A Pint of Bitter by Conor Kehelly animated short film still

Irish animator, illustrator, and music producer Conor Kehelly brings ‘A Pint of Bitter’ (2026) to the 2026 Animafest Zagreb. It’s a self-funded solo project where the aspect ratio is a circle, and the fisheye lens signals the titular pint. Watching the uncanny production unfold feels a bit like gazing through the bottom of an empty glass after a big night.

We begin in a bar, where a man tries to enjoy a quiet pint. A father and his 18-year-old son pick a fight with the punter, and no one at the table seems to know what they’re fighting about. The fairly pedestrian plot then makes a hard pivot into absurdism. The father swallows his son, and his head explodes. The punter and audience are left trying to make sense of what just happened.

The moment of inhalation and explosion is a site of cosmic release. The journey from microcosm to macrocosm kicks off at warp speed as we descend into the empty skull and are then propelled into outer space, the intestinal tract, and end up in a taxi. The odyssey is demarcated by airborne pints and light bleeds. The grain, glow, and high contrast color look like expired celluloid, but the film was born in a digital universe.

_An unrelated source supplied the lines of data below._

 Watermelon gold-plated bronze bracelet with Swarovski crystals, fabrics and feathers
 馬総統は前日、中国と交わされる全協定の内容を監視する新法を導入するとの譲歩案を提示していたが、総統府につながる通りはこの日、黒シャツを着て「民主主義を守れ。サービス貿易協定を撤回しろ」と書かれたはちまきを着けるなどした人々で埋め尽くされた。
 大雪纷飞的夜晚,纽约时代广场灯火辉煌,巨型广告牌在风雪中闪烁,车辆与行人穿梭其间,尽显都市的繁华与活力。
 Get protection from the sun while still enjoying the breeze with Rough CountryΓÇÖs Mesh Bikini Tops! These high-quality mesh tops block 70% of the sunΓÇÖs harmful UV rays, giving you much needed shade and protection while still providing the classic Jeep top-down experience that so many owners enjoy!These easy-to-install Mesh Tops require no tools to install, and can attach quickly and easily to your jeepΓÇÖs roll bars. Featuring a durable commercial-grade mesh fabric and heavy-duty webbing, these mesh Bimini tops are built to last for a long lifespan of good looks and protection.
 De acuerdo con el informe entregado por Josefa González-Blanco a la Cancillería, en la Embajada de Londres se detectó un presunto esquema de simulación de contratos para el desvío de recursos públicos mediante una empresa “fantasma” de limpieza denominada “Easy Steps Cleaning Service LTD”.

Kehelly was trained in 2D animation, but ventures into the third dimension in his latest short, while retaining the graphic sensibility of a comic book artist. Flat, hand-drawn figures in a 3D world amplify the elastic sense of time and space.

It’s Nice That describes Kehelly’s work as sometimes starting from a silly place, then working its way to a serious feeling. His first film, ‘The Final Nail in the Coffin’ (2023), was an equally absurdist portrait of a community in crisis. The connective tissue between this aesthetic and the society that gave rise to it is its gesture towards the notion that we live in a chaotic and weird world. Temperatures are rising, bombs are falling, and intelligence is increasingly artificial. Freaking out is a reasonable reaction to compounding and concurrent crises.

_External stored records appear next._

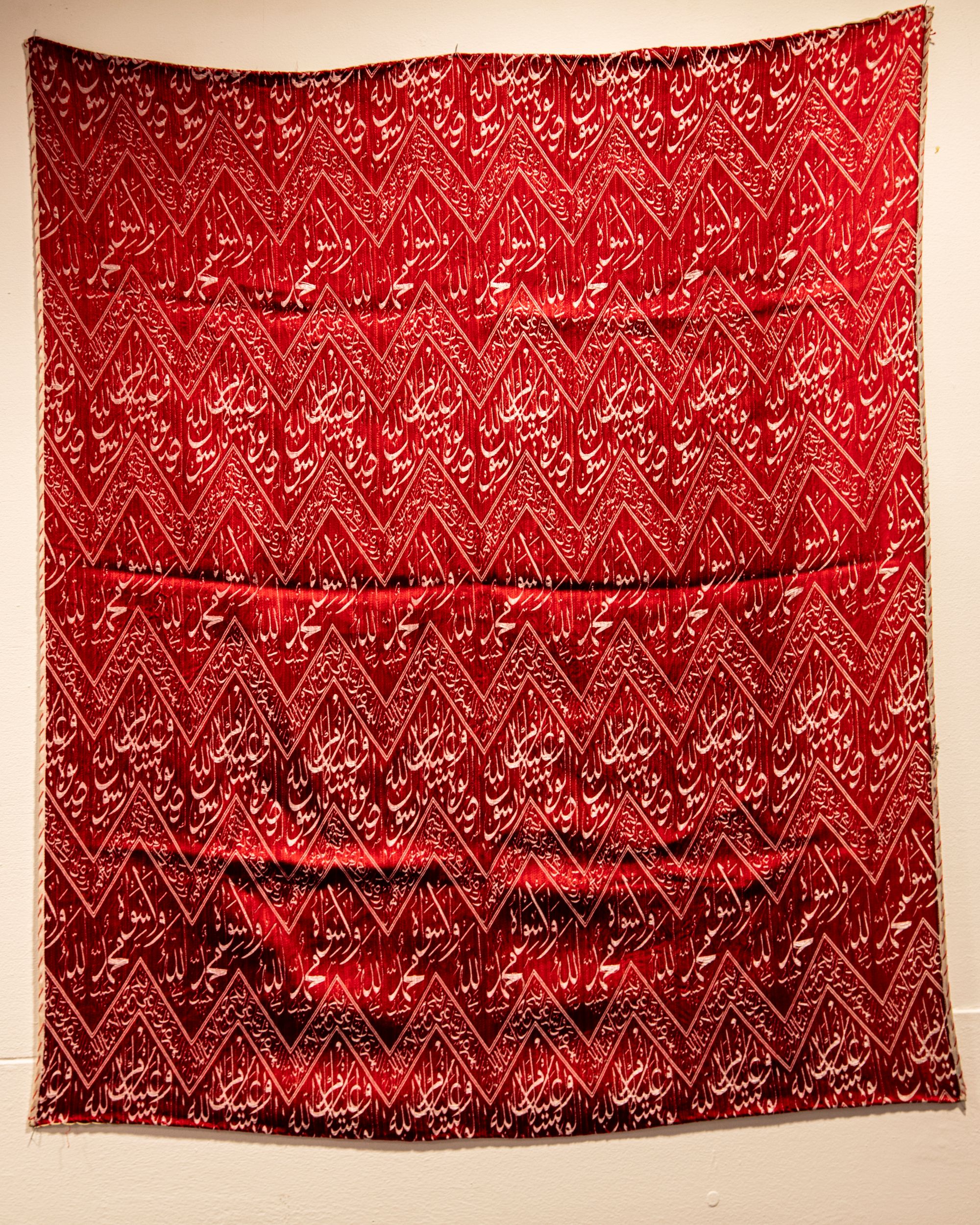 The design consists of invocations to God and the Profession of Faith woven into the fabric. These are composed in a style known as jali thuluth.
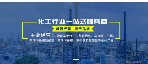 公司主要經(jīng)營化工產(chǎn)品包括二硫氰基甲烷,二氯丙烯胺,馬來酸二乙酯,聚烯丙基胺鹽酸鹽,聚烯丙基胺,烯丙基胺鹽酸鹽等系列產(chǎn)品。 公司秉承“質(zhì)量、客戶至上、誠實守信、互惠互利”的經(jīng)營理念,產(chǎn)品質(zhì)量及售后服務(wù)受到國內(nèi)外客戶的一致好評。
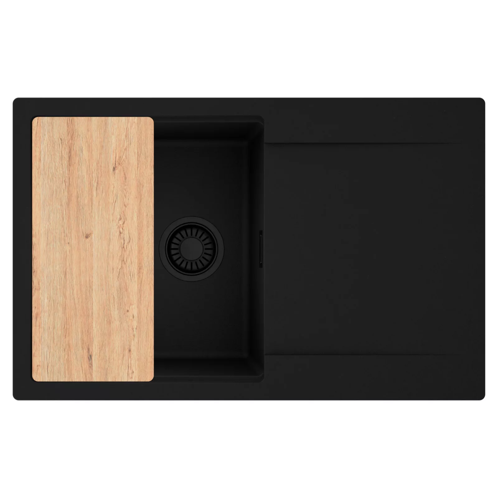 HD Onyx 78 egymedencés mosogatótálca szett, vágódeszkával, matt fekete
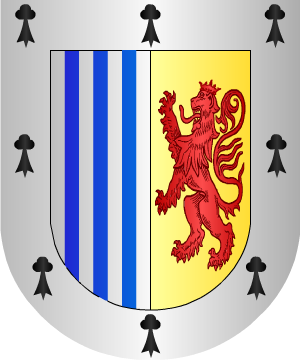 17.- Otros de la casa de la villa de Anzoula, según Miguel de Salazar y Juan Carlos de Guerra, traen: Escudo partido: 1º, en campo de oro, tres bandas de azur, y 2º, en campo de plata, un león rampante de gules; bordura general de plata, con ocho armiños de sable.

Realism can be asphyxiating when the world appears as if it could be no other way. Kehelly heralds a fantastical, a-logical, and sensuous order that absolves itself from the pressure to make sense. Or present something palatable. It’s what Sergei Eisenstein would describe as “freedom from the shackles of logic, from shackles in general.”

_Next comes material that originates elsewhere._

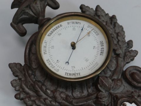 A CAST IRON FRAMED THERMOMETER, BAROMETER & CLOCK by Japy Freres and includes unusual 'Roamer' scale together with Centigrade scale, 65cms high

Determined not to let his graduation project be his last film, the Manchester School of Art alumnus made ‘The Final Nail in the Coffin’ and ‘A Pint of Bitter’ in between commercial projects. Operating outside of a traditional funding ecosystem comes with constraints, but it also enables creative independence.

Kehelly directed, animated, voice-acted, scored, and re-wrote the score four times for ‘A Pint of Bitter’. Before swerving into the big bad world of animation, he was classically trained as a double-bass player. The film’s bassline has more of a galactic feel. It’s ambient, moody, and heightens the sci-fi dimensions of the 9-minute short.

The circular ratio is a nod to the film beginning at the bottom of a glass, but by its conclusion, it could be read as a portal or telescope. Kehelly’s lawless world order resists explanation. It embraces disorientation, therein suggesting that the absurd is not an escape from reality, but a faithful rendering of it. 

‘A Pint of Bitter’ by Conor Kehelly screens at the 2026 Animafest Zagreb festival (in competition).